0. Code to run to set up your computer.
# Update Packages
update.packages(ask = FALSE, repos='https://cran.csiro.au/', dependencies = TRUE)
# Install Packages
if(!require(dplyr)) {install.packages("dplyr", repos='https://cran.csiro.au/', dependencies=TRUE)}
if(!require(sjlabelled)) {install.packages("sjlabelled", repos='https://cran.csiro.au/', dependencies=TRUE)}
if(!require(sjmisc)) {install.packages("sjmisc", repos='https://cran.csiro.au/', dependencies=TRUE)}
if(!require(sjstats)) {install.packages("sjstats", repos='https://cran.csiro.au/', dependencies=TRUE)}
if(!require(sjPlot)) {install.packages("sjPlot", repos='https://cran.csiro.au/', dependencies=TRUE)}
if(!require(lm.beta)) {install.packages("lm.beta", repos='https://cran.csiro.au/', dependencies=TRUE)}
# Load packages into memory
base::library(dplyr)
base::library(sjlabelled)
base::library(sjmisc)
base::library(sjstats)
base::library(sjPlot)
base::library(lm.beta)
# Turn off scientific notation
options(digits=3, scipen=8)
# Stop View from overloading memory with a large datasets
RStudioView <- View
View <- function(x) {
if ("data.frame" %in% class(x)) { RStudioView(x[1:500,]) } else { RStudioView(x) }
}
# Datasets
# Example 1: Crime Dataset
lga <- readRDS(url("https://methods101.com/data/nsw-lga-crime-clean.RDS"))

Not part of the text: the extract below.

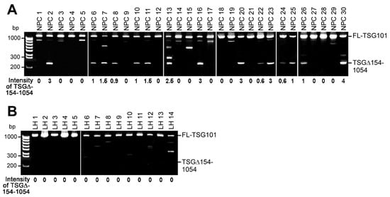 The TSG∆154-1054 mRNA variant is detected predominantly in nasopharyngeal carcinoma (NPC) but not in normal lymphoid hyperplasia (LH). (A,B) RT-nested-PCR detection of constitutively spliced full-length TSG101 mRNA (FL-TSG101) and aberrantly spliced TSG101 mRNA (TSG∆154-1054) in biopsies of NPC and control LH. The RT-nested-PCR products were analyzed by agarose gel electrophoresis and the quantified intensity of the TSG∆154-1054 mRNA variant is indicated.

# Example 2: AuSSA Dataset
aus2012 <- readRDS(url("https://mqsociology.github.io/learn-r/soci832/aussa2012.RDS"))
# Example 3: Australian Electoral Survey
aes_full <- readRDS(gzcon(url("https://mqsociology.github.io/learn-r/soci832/aes_full.rds")))
# Example 4: AES 2013, reduced
elect_2013 <- read.csv(url("https://methods101.com/data/elect_2013.csv"))
Example 1.1: Assault and Migrants
lga %>%
stats::lm(astnondomviol ~ pctimmig, data = .) %>%
lm.beta::lm.beta() %>%
base::summary()
##
## Call:
## stats::lm(formula = astnondomviol ~ pctimmig, data = .)
##
## Residuals:
## Min 1Q Median 3Q Max
## -374.6 -160.5 -38.3 111.8 1134.8
##
## Coefficients:
## Estimate Standardized Std. Error t value Pr(>|t|)
## (Intercept) 511.294 0.000 33.969 15.1 <2e-16 ***
## pctimmig -4.513 -0.259 1.554 -2.9 0.0044 **
## ---
## Signif. codes: 0 '***' 0.001 '**' 0.01 '*' 0.05 '.' 0.1 ' ' 1
##
## Residual standard error: 247 on 117 degrees of freedom
## (10 observations deleted due to missingness)
## Multiple R-squared: 0.0672, Adjusted R-squared: 0.0593
## F-statistic: 8.43 on 1 and 117 DF, p-value: 0.0044
Example 1.5: Crime and Lots of Variables
lga %>%
stats::lm(astnondomviol ~ pctimmig
+ medinc
+ unemploy
+ giniinc
+ pctchris
+ medage
+ pctrent
+ bachelor
+ graduate, data = .) %>%
lm.beta::lm.beta() %>%
base::summary()
##
## Call:
## stats::lm(formula = astnondomviol ~ pctimmig + medinc + unemploy +
## giniinc + pctchris + medage + pctrent + bachelor + graduate,
## data = .)
##
## Residuals:
## Min 1Q Median 3Q Max
## -274.8 -93.0 -19.4 71.4 634.9
##
## Coefficients:
## Estimate Standardized Std. Error t value Pr(>|t|)
## (Intercept) 918.28546 0.00000 470.84692 1.95 0.05373 .
## pctimmig -14.25937 -0.88573 2.74190 -5.20 0.00000095 ***
## medinc -0.00574 -0.19998 0.00378 -1.52 0.13206
## unemploy 39.55066 0.27870 13.12671 3.01 0.00322 **
## giniinc 1203.77051 0.27105 447.38805 2.69 0.00826 **
## pctchris -5.11587 -0.21449 3.03195 -1.69 0.09443 .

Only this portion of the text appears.